In this section you summarize the main insights from both classification and clustering. For example:

- **Classification**
  - Decision Trees achieved an accuracy of around *X%* using the best configuration.
  - The most important attributes (according to the tree structure) may include features such as **pH**, **Solids**, **Sulfate**, etc.
  - Compared to the research paper, our results are (similar / slightly lower / higher), possibly due to differences in preprocessing, parameter settings, or dataset size.

- **Clustering**
  - K-Means discovered *K* meaningful clusters in the data.
  - Clusters show different profiles of water quality attributes (e.g., one cluster with lower turbidity and higher pH).
  - Clustering can help understand natural groupings of water samples and may support decision-making about which samples require treatment.

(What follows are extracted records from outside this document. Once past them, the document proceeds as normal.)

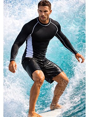 Homme Standard Maillot Anti UV Tee-shirt de Baignade Tropical Blocage de couleurs UPF50+ Protection UV Séchage Rapide manche longue Maillot de Bain Tee-shirts anti-UV, tops thermiques Surf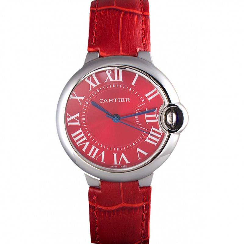 Cartier Ballon Bleu de plata Bisel Con Red Dial y Banda 621.556 cuero rojo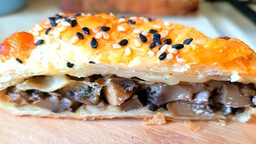 Пирог с грибами и сыром на слоеном тесте

Finally, you can state which technique (classification vs clustering) is more useful for the **end user** (e.g., a water treatment engineer):
- Classification is useful for **predicting potability** of new samples.
- Clustering is useful for **exploratory analysis** and understanding structure in the data.


## [8] References

Add your references here in the required format (e.g., IEEE). Typical references:

1. The original **water potability dataset** (Kaggle link).
2. The **research paper** you used for comparison.
3. Any additional articles or documentation you used for the methods (e.g., scikit-learn documentation).

Make sure the same references are used consistently in both the **notebook**, the **PDF final report**, and the **presentation**.